(Exercise requirements)
An exact copy of all the data is required, with pictures left out.
Exercise data section start
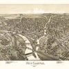 Panoramic city maps, popular at the turn of the century, depicted U.S. towns from the perspective that came to be known as bird’s-eye maps. These non-photographic old maps, depicted from oblique angles, showed street patterns, buildings and the predominant surrounding landscape in perspective. Going to great lengths to make these maps, artists would often climb surrounding hills or trees, sometimes even building platforms from which to achieve the bird’s eye” perspective. They also used to take rides in hot air balloons in order to get the proper perspective. To bolster sales of these old panoramic city maps, the artists would often choke town harbors full of ships, include proposed building developments and depict a vivacious, bustling industry. Historically interesting and beautifully drawn, it is no wonder these old panoramic city maps are making a popular comeback. Bring the spirit of your town’s history back to life with these stunning old bird’s-eye maps.”
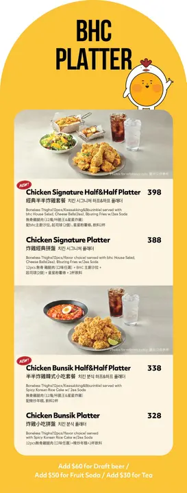 去完韓國返嚟 掛住想再食 見香港有去試吓Menu同韓國有分別,冇韓國嗰隻白色乳酪醬汁點隻雞
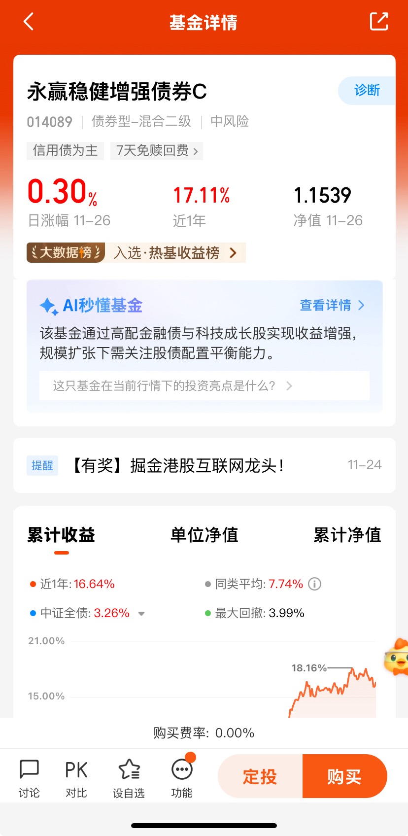 混债基金的资产配置较为分散,既投资于债券市场,又投资于股票市场或可转债市场。在不同市场环境和经济周期下,债券和股票的表现往往具有一定的互补性,通过分散投资可以降低单一资产的风险,提高投资组合的稳定性。永赢稳健增强C今天收30个大蛋,近三个月收134个蛋,近六个月收1229个蛋,近一年收1711个蛋,各阶段的业绩优秀;通过债券打底控制风险,叠加股票或可转债增强收益,适合风险偏好较低但追求稳健增值的投资者。#沪指跌破3900点关口! 如何应对?#
Exercise data section end
(Result of the task)
 Panoramic city maps, popular at the turn of the century, depicted U.S. towns from the perspective that came to be known as bird’s-eye maps. These non-photographic old maps, depicted from oblique angles, showed street patterns, buildings and the predominant surrounding landscape in perspective. Going to great lengths to make these maps, artists would often climb surrounding hills or trees, sometimes even building platforms from which to achieve the bird’s eye” perspective. They also used to take rides in hot air balloons in order to get the proper perspective. To bolster sales of these old panoramic city maps, the artists would often choke town harbors full of ships, include proposed building developments and depict a vivacious, bustling industry. Historically interesting and beautifully drawn, it is no wonder these old panoramic city maps are making a popular comeback. Bring the spirit of your town’s history back to life with these stunning old bird’s-eye maps.”
 去完韓國返嚟 掛住想再食 見香港有去試吓Menu同韓國有分別,冇韓國嗰隻白色乳酪醬汁點隻雞
 混债基金的资产配置较为分散,既投资于债券市场,又投资于股票市场或可转债市场。在不同市场环境和经济周期下,债券和股票的表现往往具有一定的互补性,通过分散投资可以降低单一资产的风险,提高投资组合的稳定性。永赢稳健增强C今天收30个大蛋,近三个月收134个蛋,近六个月收1229个蛋,近一年收1711个蛋,各阶段的业绩优秀;通过债券打底控制风险,叠加股票或可转债增强收益,适合风险偏好较低但追求稳健增值的投资者。#沪指跌破3900点关口! 如何应对?#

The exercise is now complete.